On 15 September 2025, Israeli prime minister Benjamin Netanyahu addressed a conference of the Accountant General in Jerusalem. His speech at the conference, referred to in Israeli media as the Sparta Speech (נאום ספרטה), described what he deemed Israel's growing diplomatic and economic isolation during the Gaza war, and called for the country to adopt a "Super-Sparta" approach to confront the resulting security and economic challenges. The speech sparked widespread debate and controversy in Israel.

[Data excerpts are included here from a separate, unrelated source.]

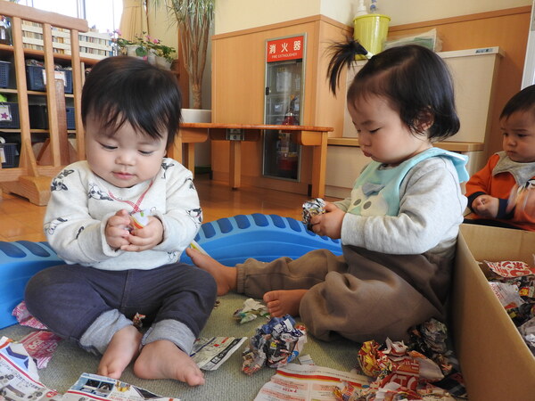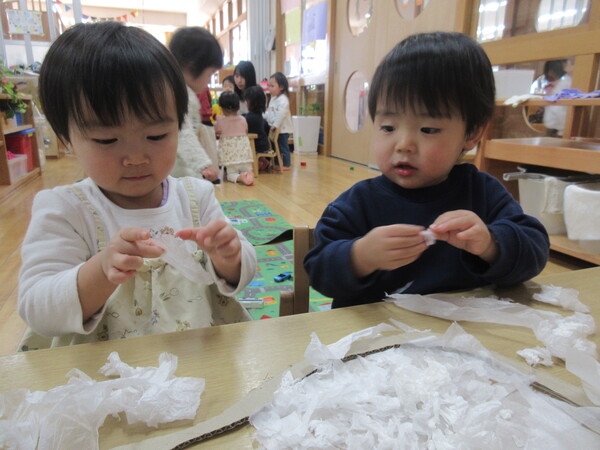 指先を使って破ることに少し苦戦しているようでしたが、コツをつかむとどんどん破ります♪
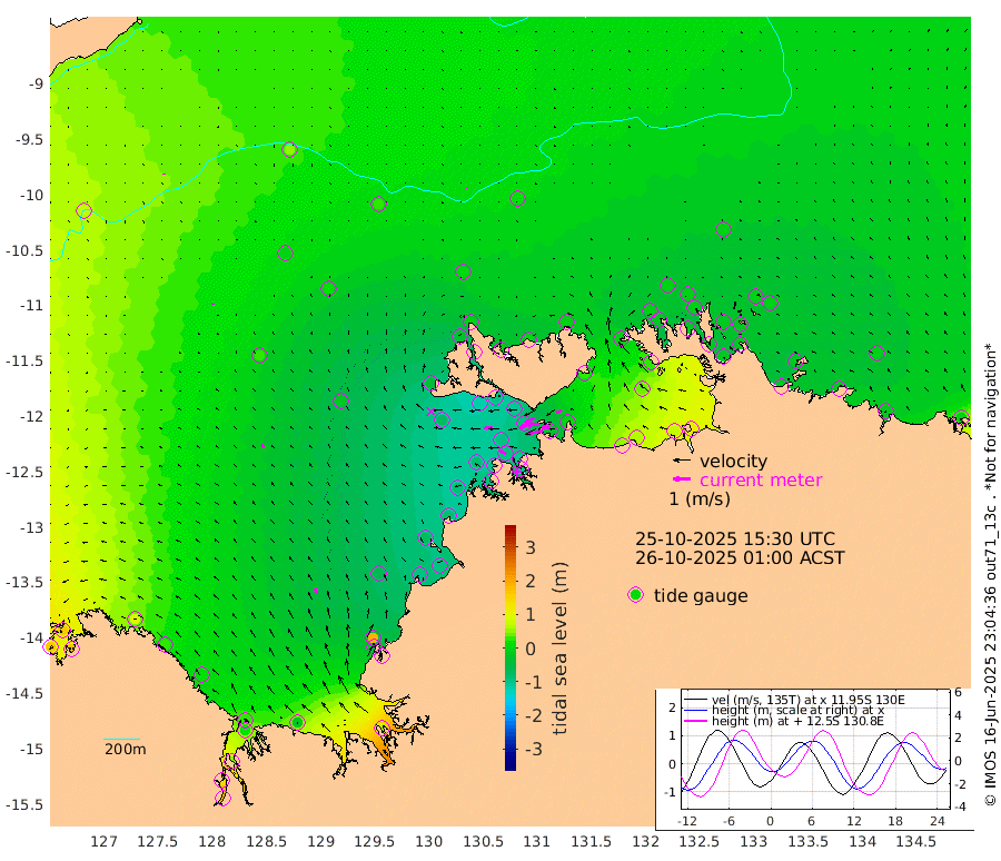 99cm/s -103T +4cm/s rms + 6cm/s 51T. Darwin_C1 52m 51cm/s -88T +4cm/s rms + 7cm/s -161T. Darwin_CW1 22m 74cm/s -110T +4cm/s rms + 8cm/s 61T. Darwin_CW2 34m 32cm/s -114T +3cm/s rms + 9cm/s 98T. Darwin_CW3 22m 73cm/s -93T +5cm/s rms + 7cm/s 88T. Darwin_C3 56m 59cm/s -116T +2cm/s rms + 9cm/s -126T. Darwin_CTbW 22m 2cm/s 119T +9cm/s rms + 2cm/s -110T. NWSLYN 196m 47cm/s -91T +1cm/s rms + 1cm/s -47T. DARBGF 30m 3cm/s 1T +7cm/s rms + 2cm/s -137T. ITFTIS 464m 9cm/s 10T +9cm/s rms + 1cm/s 74T. ITFMHB 146m 34cm/s -19T +4cm/s rms + 1cm/s -134T. ITFJBG 61m 23cm/s -31T +6cm/s rms + 4cm/s 121T. ITFFTB 108m 41cm/s -63T +4cm/s rms + 3cm/s 80T. NRSDAR 19m 162cm Carronade Island 165cm Guy Point 169cm Napier Broome Bay 100cm Lesueur Island 22cm Reveley Island 27cm Rocky Island 21cm Cape Domett 30cm Lacrosse Island 47cm Adolphus Island 142cm Pender Point 187cm Wyndham 25cm The Boxers -2cm Unnamed Shoal 49cm Loxton Shoal -15cm Pelican Island 16cm Calder Shoal 26cm Evans Shoal 70cm Quoin Island -58cm Port Keats -54cm Jones Point 183cm Catfish Island -63cm Cape Scott Offshore -91cm Cape Ford -90cm Anson Bay 2cm Goodrich Bank -75cm Peron Island North -85cm Point Jenny -86cm Native Point -85cm Fish Reef -97cm Tapa Bay -42cm Point Fawcett (Offshore) -99cm Burge Point -114cm Munkunuwa -71cm Beagle A -110cm Parsons Bank -93cm Fenton Patches 15cm Lynedoch Bank -94cm Hancox Shoal Area -105cm Nightcliff -102cm Darwin -95cm Charles Point Patches -27cm Glyde Point 45cm Chambers Bay 66cm Point Stuart 3cm Cape Hotham 39cm Christine Reef 79cm West Alligator Head 114cm East Field Island 34cm Two Hills Bay -17cm Newby Shoal 27cm Camp Point -98cm Medina Inlet South -55cm South Barlow Point -29cm St. Asaph Bay -5cm Cape Van Dieman -11cm Snake Bay 5cm Cache Point 74cm Echo Shoal 0cm Point Jahleel (Off) -8cm Cape Don -11cm Port Essington -15cm Smith Point - West -11cm NW Peacock Island -1cm North Of Jones Shoal -2cm Peacock Island -19cm Point David -19cm D'urville Point -5cm Money Shoal -21cm Copeland Island -21cm Cape Cockburn -15cm One Tree Point -5cm Hogmany Shoal -9cm New Year Island - West -15cm Grant Island -19cm Aurari Bay -14cm Cuthbert Point -17cm North Goulburn Island -7cm Paxie Shoal -13cm Entrance Island -9cm Yabooma Island
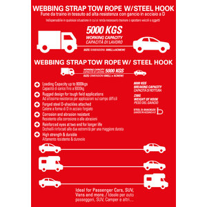 Fune da traino in tessuto ad alta resistenza con gancio in acciaio a D. Capacità di lavoro 5000 kg. Capacità di carico fino a 8000 kg. Ad altissima resistenza per applicazioni sul campo difficili. Catene a forma di D in acciaio forgiato. Resistente alla corrosione e alle abrasioni. Occhielli rinforzati alle due estremità per una maggiore durata. Altamente resistente e durevole. Peso di Hook: 230g
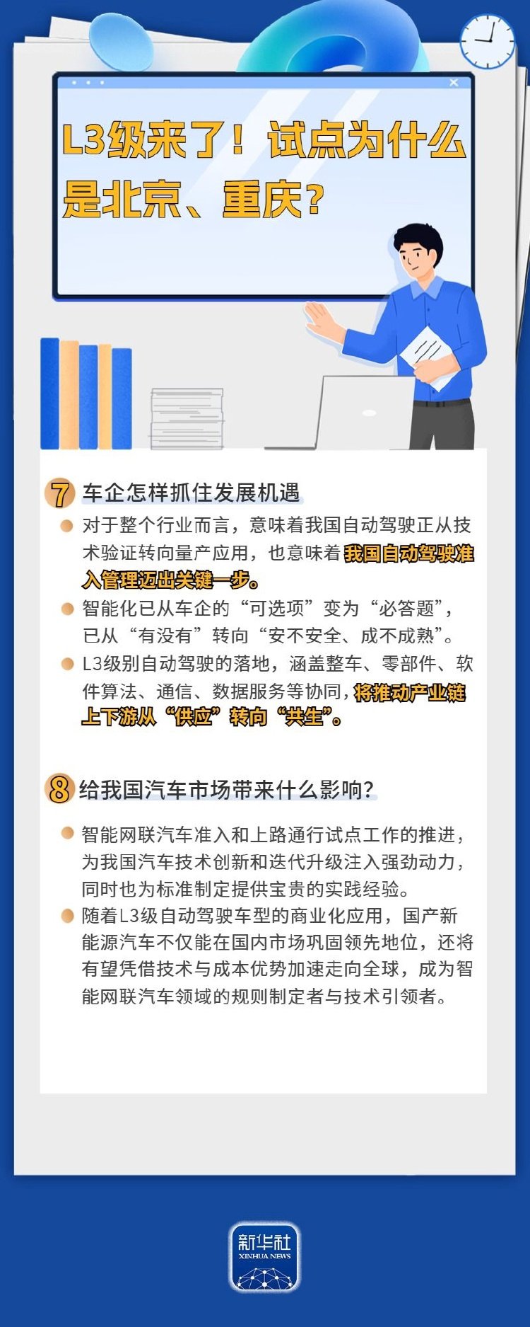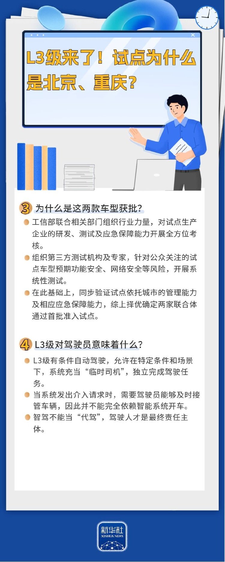 新华社消息,近日,工业和信息化部正式公布我国首批L3级有条件自动驾驶车型准入许可,两款分别适配高速路段和城市拥堵的车型将在北京、重庆两地指定区域开展试点。L3级为啥选择北京、重庆作试点城市?作为消费者我们需要了解什么?试点将给行业带来哪些发展机遇?这组海报为你解读。

==Background and content==
Netanyahu outlined several factors which he claimed were contributing to Israel's escalating diplomatic isolation. Among his claims are the alleged political influence of Muslim immigrant communities in Europe, which he said pressured their governments to adopt critical stances toward Israel related to the Gaza war. Netanyahu also emphasized the role of digital technologies, including artificial intelligence, being exploited by states such as Qatar and China to conduct influence operations on social media, which he described as creating a "media siege" on Israel. He warned of potential trade restrictions as a consequence of diplomatic pressures, which could limit Israel's access to weapon components. He stressed the importance of expanding domestic arms production to maintain national security. Concluding his address, Netanyahu urged the development of a "Super-Sparta economy", which he defined as an economic model characterized by increased autarky. Although he identified himself as a supporter of free market principles, Netanyahu argued that the current geopolitical circumstances necessitated greater economic independence.

==Reactions==
The speech prompted a range of responses within Israel. Following Netanyahu's remarks, the Tel Aviv Stock Exchange experienced declines. Political criticism was voiced by several prominent figures:
- Opposition leader Yair Lapid described the concept of an autarkic economy as unrealistic, arguing that Israel's isolation was the result of government policy failures rather than inevitability.
- Ram Ben Barak compared Netanyahu's proposal to the economic model of North Korea.
- Meirav Ben Ari criticized the government for endangering the country's future.
- Yair Golan, chairman of the Labor Party, suggested that the policies served the Prime Minister's personal political interests.
- Gadi Eisenkot of the National Unity Party warned of long-term damage from isolation and urged Netanyahu to resign if unable to resolve the crisis.
- Journalist Ben Caspit described the speech as an "alibi" for Netanyahu, whom Caspit accused of seeking the destruction of Israel as an act of revenge for his trial. Caspit compared it to the character Michael Kohlhaas, who destroyed Saxony in retaliation for the confiscation of his horses by a Saxon noble.

Beyond politics, senior executives from Israel's high-tech industry cautioned that the sector depended heavily on global markets and investor confidence. They warned that reduced international integration could undermine Israel's economic resilience and security advantages.

A day after the speech, Netanyahu convened a press conference, claiming that his remarks in the speech had been taken out of context, and that the Israeli economy is "very strong, amazes the entire world, and contrary to all forecasts, the shekel is stronger than it was before the war".